Basile Eric J, Ahmed Ammar, Rahman Eraad, Rafa Omar, Frankini Elisabeth L, Modica Anthony
Internal Medicine, Touro College of Osteopathic Medicine, New York City, USA.
Medicine, Global Health, McMaster University, Hamilton, CAN.
Cureus. 2022 Mar 8;14(3):e22975. doi: 10.7759/cureus.22975. eCollection 2022 Mar.

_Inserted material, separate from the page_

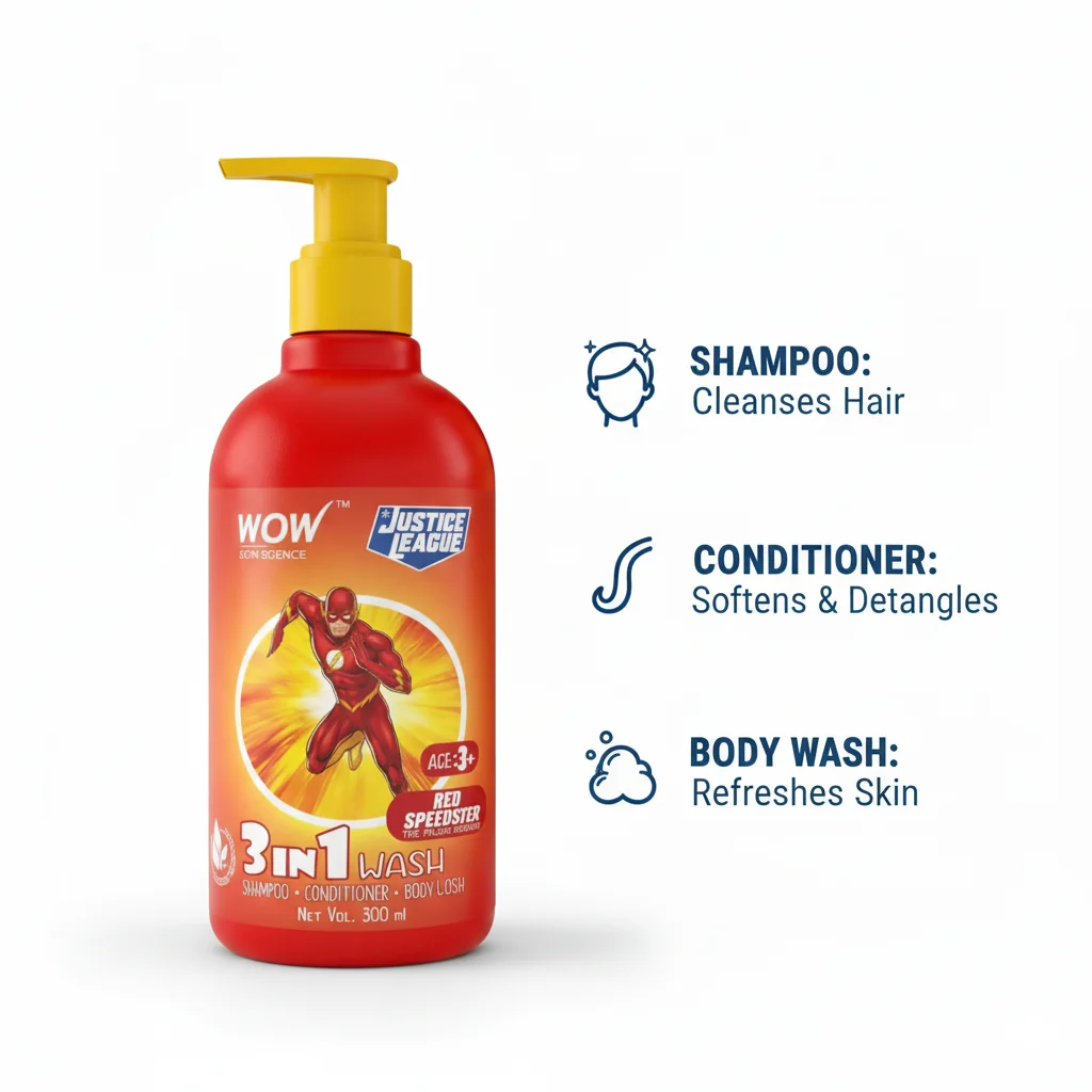 Introduce your child to the heroic world of the Justice League with the WOW Skin Science Justice League Flash 3-in-1 Kids Wash! This vibrant red bottle, featuring the iconic “Red Speedster” Flash, makes bath time an exciting adventure. Designed specifically for children aged 3 and above, this all-in-one formula simplifies their routine while delivering effective and gentle cleansing.

Chilaiditi sign is a rare incidental radiographic finding where bowel is interposed between the diaphragm and the liver, often seen as air under the right hemidiaphragm. A majority of patients with Chilaiditi sign are asymptomatic and remain so throughout their lifetime. Chilaiditi sign is recategorized as Chilaiditi syndrome if it becomes symptomatic and is a very rare etiology of bowel obstruction. As bowel obstruction confers a huge financial burden to the health care system, studies of even the rarer etiologies are of significant value. Particularly in the case of Chilaiditi syndrome, the free air under the right hemidiaphragm can lead physicians to prematurely conclude pneumoperitoneum, which would require an emergent surgical evaluation. It is through the incorporation of a broad differential and clinical presentation that physicians can decrease the inappropriate allocation of hospital resources and unnecessary surgical procedures; additionally, keeping Chilaiditi syndrome on the differential may prevent unnecessary surgical intervention, cost to the patient, and downstream complications. Bowel obstruction secondary to Chilaiditi syndrome is most commonly treated with conservative management including intravenous fluids, bowel rest, decompression, and laxatives. If the symptoms worsen and progress to full bowel obstruction, surgical intervention has shown great efficacy. We report a case of a 69-year-old male who presented to the emergency department for progressively worsening abdominal pain, nausea, and vomiting incidentally found to have colonic interposition with mild colonic dilatation on computed tomography (CT) imaging. The patient was diagnosed with bowel obstruction secondary to Chilaiditi syndrome and treated non-surgically with rapid recovery.
奇莱迪蒂征是一种罕见的偶然影像学发现,即肠管位于膈肌和肝脏之间,常表现为右侧膈下积气。大多数奇莱迪蒂征患者无症状,且终生如此。如果奇莱迪蒂征出现症状,则被重新归类为奇莱迪蒂综合征,它是肠梗阻的一种非常罕见的病因。由于肠梗阻给医疗系统带来巨大经济负担,因此对即使是更罕见病因的研究也具有重要价值。特别是在奇莱迪蒂综合征的情况下,右侧膈下的游离气体可能导致医生过早诊断为气腹,而气腹需要紧急进行手术评估。通过综合考虑广泛的鉴别诊断和临床表现,医生可以减少医院资源的不当分配和不必要的手术程序;此外,将奇莱迪蒂综合征纳入鉴别诊断范围可以避免不必要的手术干预、患者的费用以及下游并发症。奇莱迪蒂综合征继发的肠梗阻最常采用保守治疗,包括静脉补液、肠道休息、减压和使用泻药。如果症状恶化并发展为完全性肠梗阻,手术干预已显示出很好的疗效。我们报告一例69岁男性患者,因进行性加重的腹痛、恶心和呕吐到急诊科就诊,计算机断层扫描(CT)成像偶然发现结肠间位伴轻度结肠扩张。该患者被诊断为奇莱迪蒂综合征继发的肠梗阻,并通过快速康复进行了非手术治疗。